The European Commission recently fined Meta €200 million for the practice under the Digital Markets Act, a move that has frustrated the company.
“We support protecting consumers through legal means. We support legal frameworks. But in the EU it’s such a challenge,” says Egan. “The regulatory landscape has evolved, the puck keeps moving. We have the GDPR, it’s been interpreted in an evolving way; we now have the DMA that’s coming into force.
“We introduced a subscription model which the highest court of the land in Europe said was a legal model. It’s pay versus consent, it’s a model relied on by other players in Europe. And now we’re being told we have to do something else,” she says. “This makes it difficult to launch innovative products in Europe and it hurts people and consumers.”
Egan also argues that there could be a negative effect on businesses. How exactly?
With personalised advertising, restricting the ability of small businesses to reach targeted markets, and the ability of people to receive information about products that are interesting to them, will hinder economic growth.

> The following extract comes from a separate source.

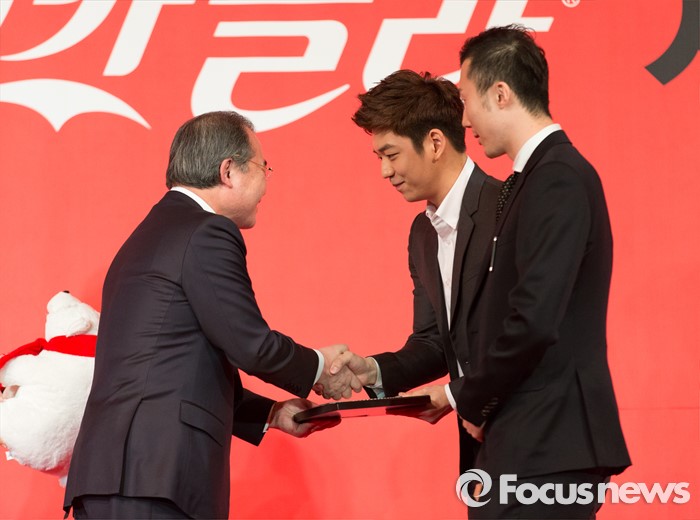 (서울=포커스뉴스) 16일 오전 서울 중구 더플라자호텔 그랜드볼룸에서 제21회 코카콜라 체육대상 시상식에 참석한 이용대(오른쪽 두번째)와 유연성(배드민턴)이 우수단체상을 수상하고 있다.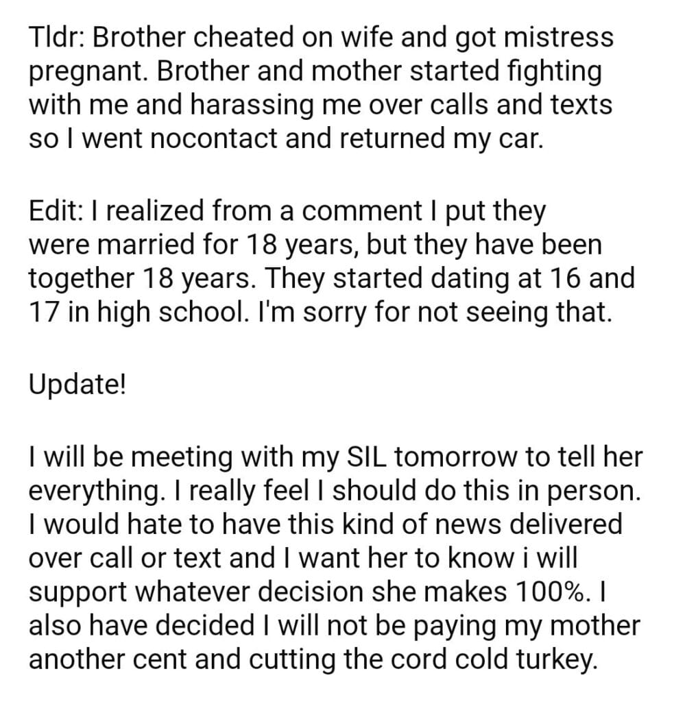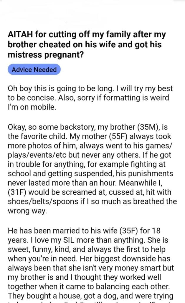 AITAH for my family after what my brother did

Meta’s advertising is a billion-dollar juggernaut, with recent research – carried out by Meta – linking it to more than €200 billion in economic activity and roughly 1.5 million jobs across the EU.
The complexity of regulations in the EU has seen the region face a lot of criticism, and not just from Meta. In September last year, economist and politician Mario Draghi published a report on competitiveness in the EU and warned of the widening gap between the EU and the US. In his address to the European Commission, Draghi said hurdles needed to be removed, noting that Europe did not lack ideas, but that it was failing to translate innovation into commercialisation, with growing companies hindered at every stage by “inconsistent and restrictive regulations”.
“The next step is encouraging innovative start-ups to scale up in Europe by removing regulatory hurdles,” he said. “This is not about deregulation: it is about ensuring the right balance between caution and innovation, and ensuring that regulation is consistently applied within Europe.”
That echoes what Meta has said about consistency in applying the rules.
There has been some speculation that Meta could throw in the towel in Europe, and decide the landscape is too complex to continue its operation here. It isn’t too far-fetched: Meta warned in 2022 that if no new framework was adopted for data transfers between Europe and the US, it would probably have to stop operating in the region. That ultimately did not come to pass. But concerns persist.
“In the EU, I am concerned about the direction of travel,” Egan says, “We want to continue to invest significant resources in Europe and we will always invest resources to comply with regulation. But my message is that we want to urge the EU data protection commissioners and authorities to avoid tying the European economy in knots with complexity and delay.”
Egan says Europe has many advantages: universities, talent in research and development, the single market model.
“There’s so much possibility and opportunity in operating in Europe,” she says. “It doesn’t have to be this way.”